Yes, but how is it related to RCU ?
I mean, rcu_do_batch() is just a loop like others in kernel.
The loop itself is not buggy, but can call a buggy function, you are right.

	int start_me_again;

	struct rcu_head rcu_head;

	void rcu_func(struct rcu_head *rcu)
	{
		start_me_again = 1;
	}

	// could be called on arbitrary CPU
	void check_start_me_again(void)
	{
		static spinlock_t lock;

		spin_lock(lock);
		if (start_me_again) {
			start_me_again = 0;
			call_rcu(&rcu_head, rcu_func);
		}
		spin_unlock(lock);
	}

I'd say this code is not buggy.

Are you sure ? Can you prove it ? :)

I do think your rcu_func() misses some sync primitive, *after* start_me_again=1;
You seem to rely on some undocumented side effect.
Adding smp_rmb() before calling rcu_func() wont help.


In case it was not clear.

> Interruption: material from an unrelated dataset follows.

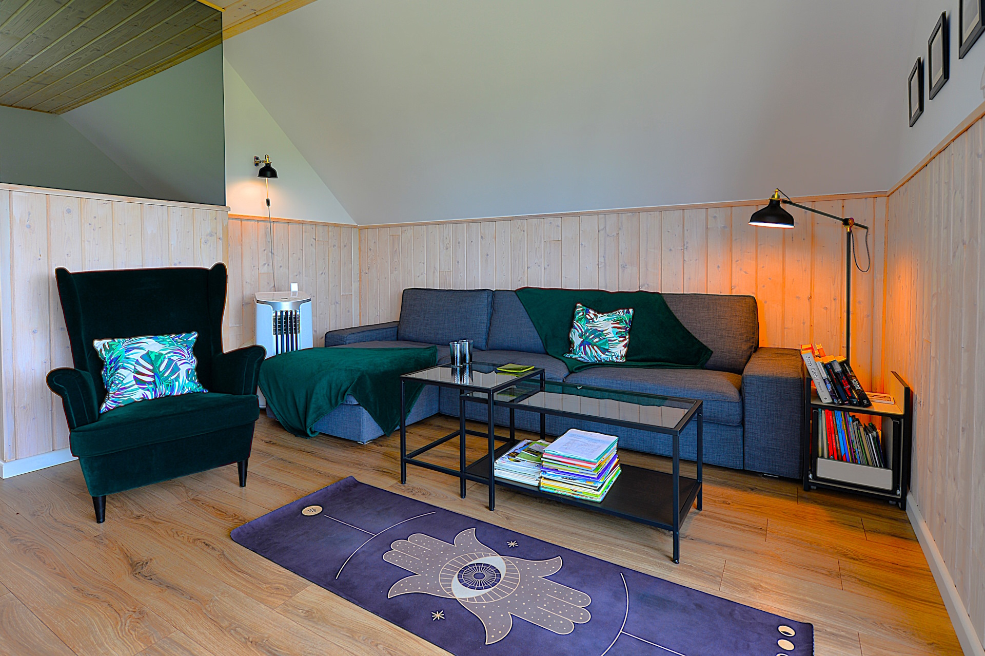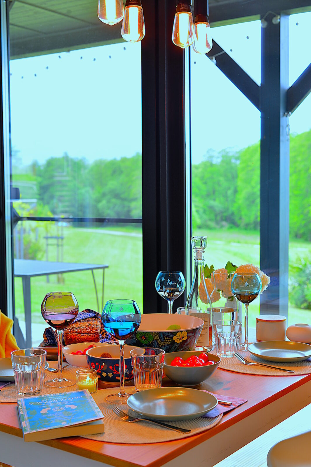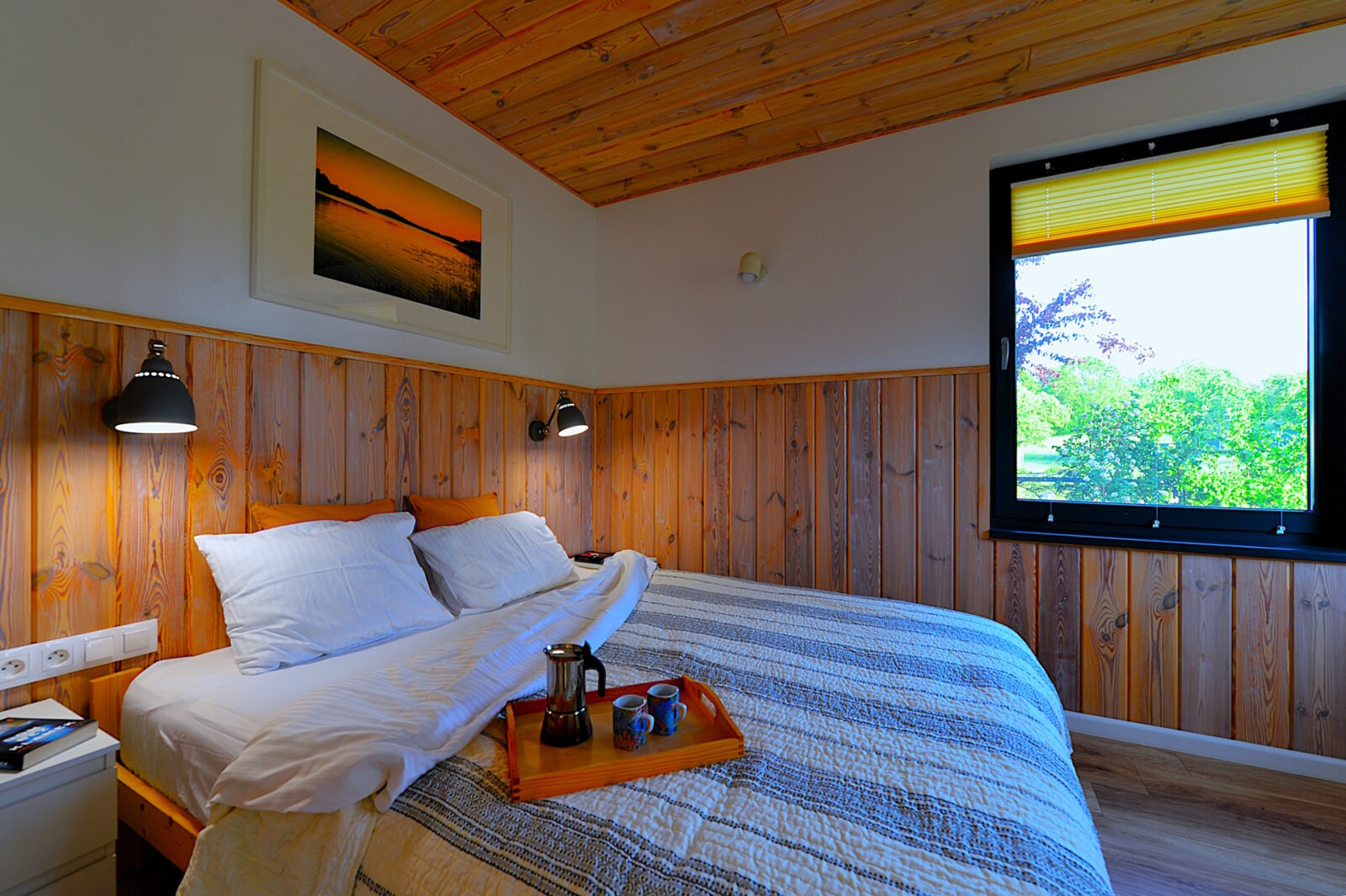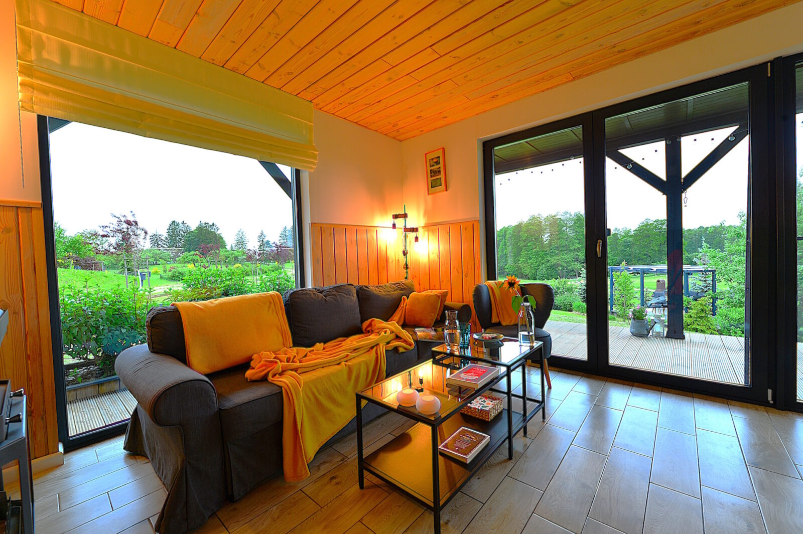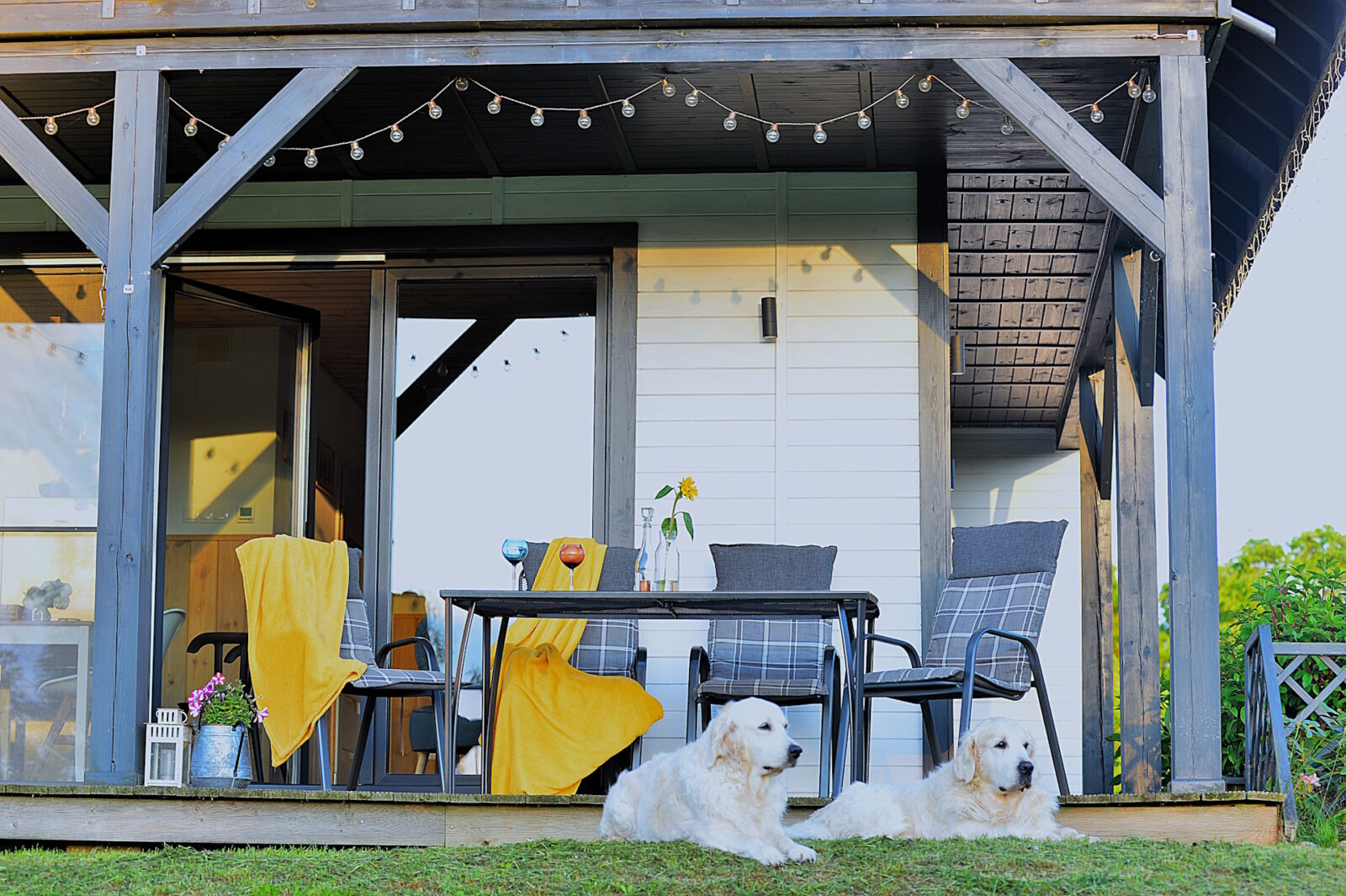 Nasz domek jest drewniany. Staraliśmy się używać do jego budowy tylko naturalnych elementów, takich jak drewno, kamień, szkło. Apartamenty są urządzone w stylu skandynawskim, z prostotą, ale ze smakiem. Obydwa apartamenty mają tarasy z przepięknym widokiem, a zachody słońca u nas są naprawdę magiczne.
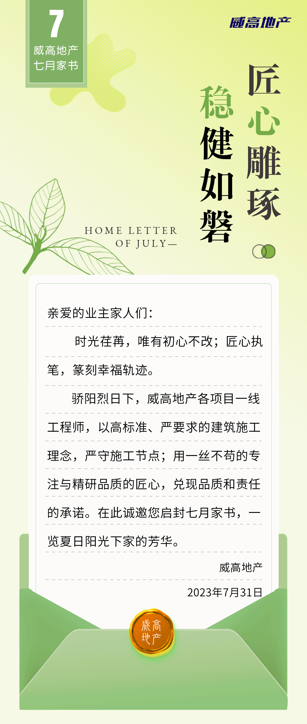 威高地产7月家书 | 匠心雕琢,稳健如磐

I do not claim we need this patch (I don't know).
And yes, I very much doubt we can hit this problem in practice (even if I am
right).

What I don't agree with is that it is callback which should take care of this
problem.

A smp_rmb() wont avoid all possible bugs...

For example?

A smp_rmb() wont avoid stores pending on this CPU to be committed to memory after another cpu takes the object for itself. Those stores could overwrite stores done by the other cpu as well.

So in theory you could design a buggy callback function even after your patch applied.

Any function that can transfer an object from CPU A scope to CPU B scope must take care of memory barrier by itself. The caller *cannot* possibly do the job, especially if it used an indirect call. However, in some cases it is possible some clever algos are doing the reverse, ie doing the memory barrier in the callers.

Kernel is full of such constructs :

for (ptr = head; ptr != NULL ; ptr = next) {
	next = ptr->next;
	some_subsys_delete(ptr);
}

And we dont need to add smp_rmb() before the call to some_subsys_delete(), it would be a nightmare, and would slow down modern cpus.

When the callback function dont need a memory barrier, why should we force a generic one in the caller ?

AFAIK most kfree() calls dont need a barrier, since slab just queue the pointer into the cpu's array_cache if there is one available slot.